Approximately $1.1 Billion of Structured Securities Affected
New York, September 08, 2016 -- Moody's Investors Service, ("Moody's") has
affirmed the ratings on seventeen classes and upgraded the ratings on
three classes in Wachovia Bank Commercial Mortgage Trust, Commercial
Mortgage Pass-Through Certificates, Series 2007-C34
as follows:
Cl. A-1A, Affirmed Aaa (sf); previously on Oct
8, 2015 Affirmed Aaa (sf)
Cl. A-3, Affirmed Aaa (sf); previously on Oct
8, 2015 Affirmed Aaa (sf)
Cl. A-M, Upgraded to Aa3 (sf); previously on
Oct 8, 2015 Affirmed A2 (sf)
Cl. A-J, Upgraded to Ba2 (sf); previously on
Oct 8, 2015 Affirmed B1 (sf)
Cl. B, Upgraded to B1 (sf); previously on Oct 8,
2015 Affirmed B2 (sf)
Cl. C, Affirmed B3 (sf); previously on Oct 8,
2015 Affirmed B3 (sf)
Cl. D, Affirmed Caa2 (sf); previously on Oct 8,
2015 Affirmed Caa2 (sf)
Cl. E, Affirmed Caa3 (sf); previously on Oct 8,
2015 Affirmed Caa3 (sf)
Cl. F, Affirmed Ca (sf); previously on Oct 8,
2015 Affirmed Ca (sf)
Cl. G, Affirmed C (sf); previously on Oct 8, 2015
Affirmed C (sf)
Cl. H, Affirmed C (sf); previously on Oct 8, 2015
Affirmed C (sf)
Cl. J, Affirmed C (sf); previously on Oct 8, 2015
Affirmed C (sf)
Cl. K, Affirmed C (sf); previously on Oct 8, 2015
Affirmed C (sf)
Cl. L, Affirmed C (sf); previously on Oct 8, 2015
Affirmed C (sf)
Cl. M, Affirmed C (sf); previously on Oct 8, 2015
Affirmed C (sf)
Cl. N, Affirmed C (sf); previously on Oct 8, 2015
Affirmed C (sf)
Cl. O, Affirmed C (sf); previously on Oct 8, 2015
Affirmed C (sf)
Cl. P, Affirmed C (sf); previously on Oct 8, 2015
Affirmed C (sf)
Cl. Q, Affirmed C (sf); previously on Oct 8, 2015
Affirmed C (sf)
Cl. IO, Affirmed Ba3 (sf); previously on Oct 8,
2015 Affirmed Ba3 (sf)
RATINGS RATIONALE
The ratings on three P&I classes, classes A-M,
A-J and B, were upgraded primarily due to Moody's expectation
of additional increases in credit support resulting from the payoff of
loans approaching maturity that are well positioned for refinance.

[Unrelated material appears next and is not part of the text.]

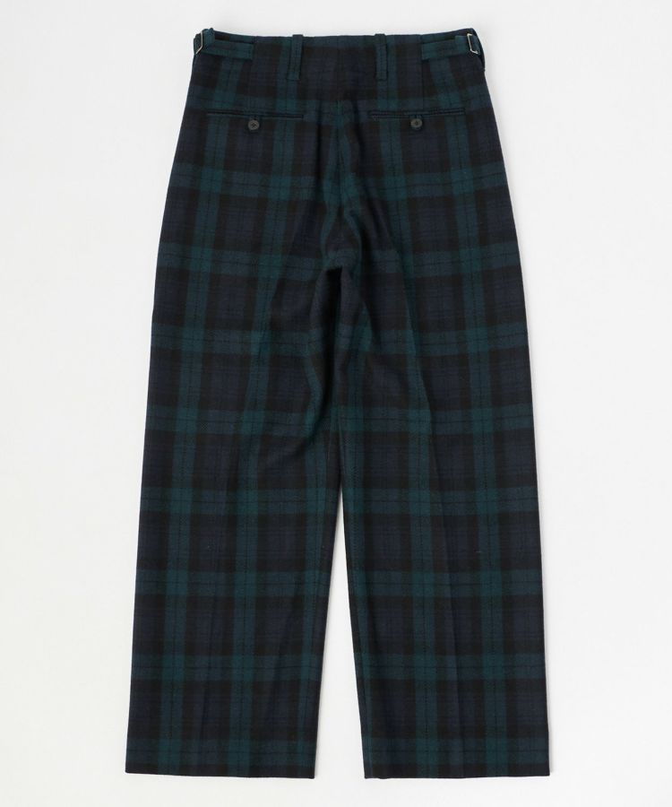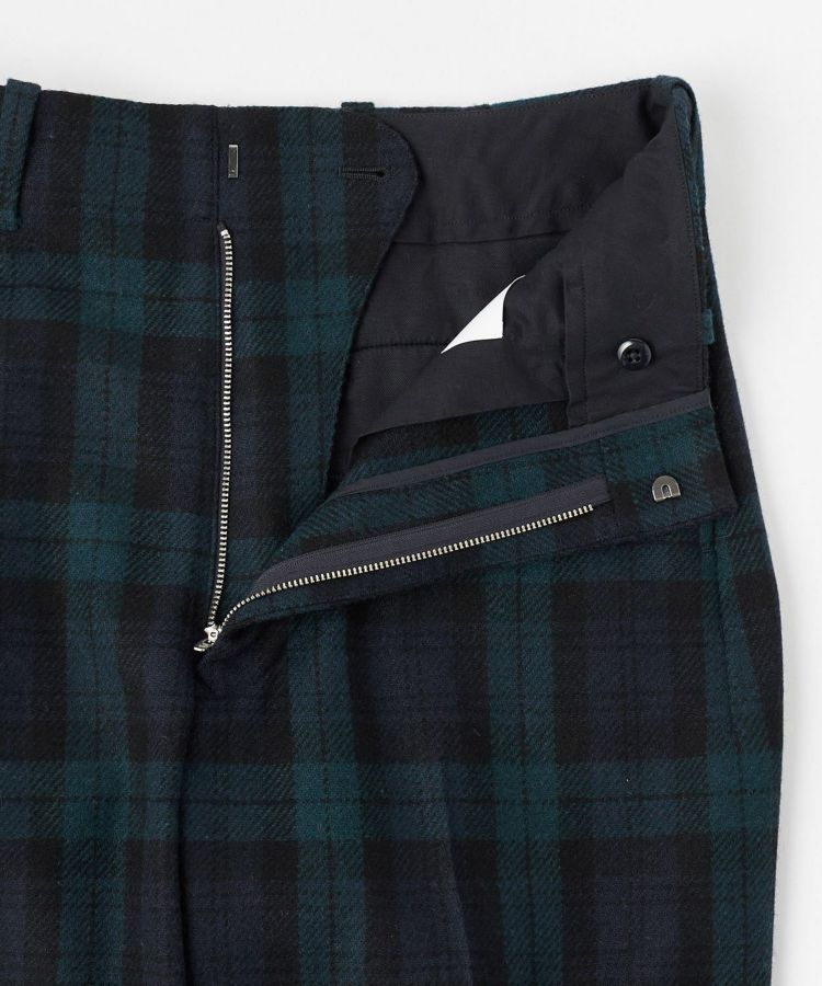 イメージソースとしたのは、ロイヤルスコットランド連隊がセレモニー(式典)の際に着用するセレモニーパンツ。デザインの特徴でもあるサイドシームレスを採用。サイドに縫い代がないため、サイドラインをきれいに見せることができます。手の込んだ丁寧な仕様のため、限られた国内工場で生産するなど、細部にまでこだわった上質な一着です。股上を深めにすることで、ヒップラインを拾いづらく足長効果も。ウエストはサイドアジャスターでサイズ調整が可能です。

The pool has paid down by 3% since Moody's last review and loans
constituting 37% of the pool that have either defeased or have
debt yields exceeding 12.0% and are scheduled to mature
within the next 24 months.
The ratings on Classes A-3 and A-1A, were affirmed
because the transaction's key metrics, including Moody's loan-to-value
(LTV) ratio, Moody's stressed debt service coverage ratio (DSCR)

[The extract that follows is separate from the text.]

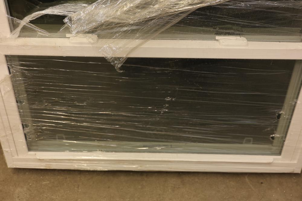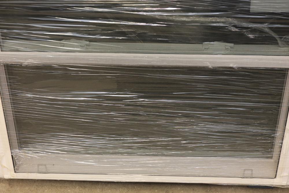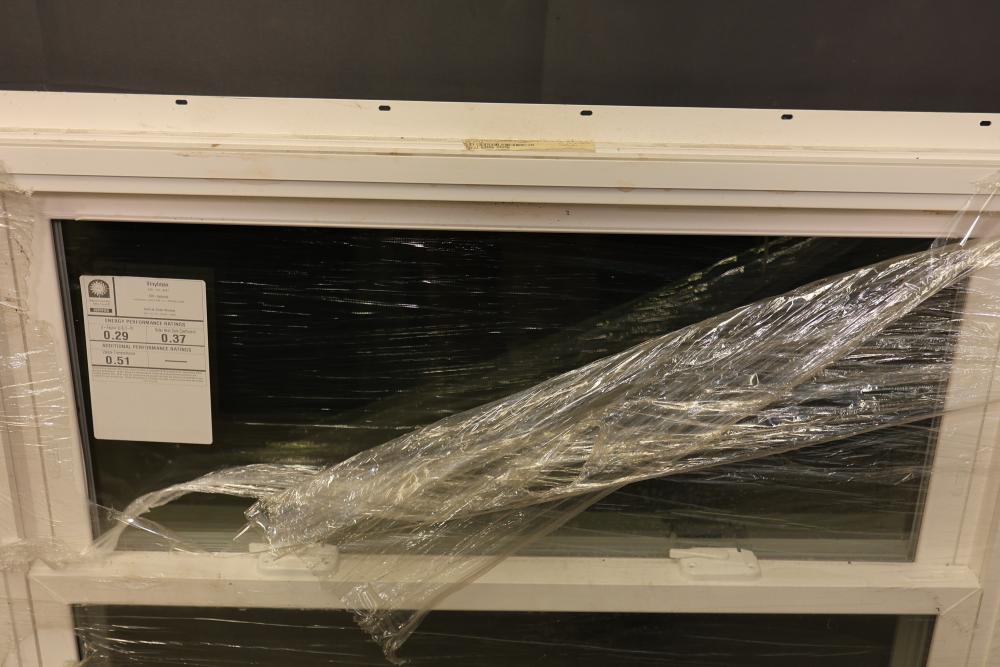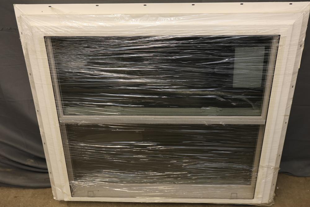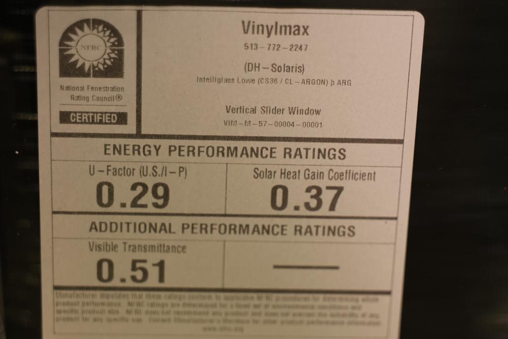 Vinylmax DH-Solaris Vertical Slider Window with Energy Ratings featuring a U-Factor of 0.29, Solar Heat Gain Coefficient of 0.37, and Visible Transmittance of 0.51. 36 x 32 inches. Includes a durable frame and clear protective wrapping. Pickup only.

and the transaction's Herfindahl Index (Herf), are within
acceptable ranges. The ratings on fourteen P&I classes,
classes C through Q, were affirmed because the ratings are consistent
with Moody's expected loss.
The rating on the IO class, Class IO, was affirmed based on
the credit performance (or the weighted average rating factor or WARF)
of the referenced classes.
Moody's rating action reflects a base expected loss of 12.2%
of the current balance, compared to 15.0% at Moody's
last review. Moody's base expected loss plus realized losses is
now 11.1% of the original pooled balance, compared
to 13.4% at the last review. Moody's provides
a current list of base expected losses for conduit and fusion CMBS transactions
on moodys.com at http://www.moodys.com/viewresearchdoc.aspx?docid=PBS_SF215255.
FACTORS THAT WOULD LEAD TO AN UPGRADE OR DOWNGRADE OF THE RATINGS:
The performance expectations for a given variable indicate Moody's forward-looking
view of the likely range of performance over the medium term. Performance
that falls outside the given range can indicate that the collateral's
credit quality is stronger or weaker than Moody's had previously expected.
Factors that could lead to an upgrade of the ratings include a significant
amount of loan paydowns or amortization, an increase in the pool's
share of defeasance or an improvement in pool performance.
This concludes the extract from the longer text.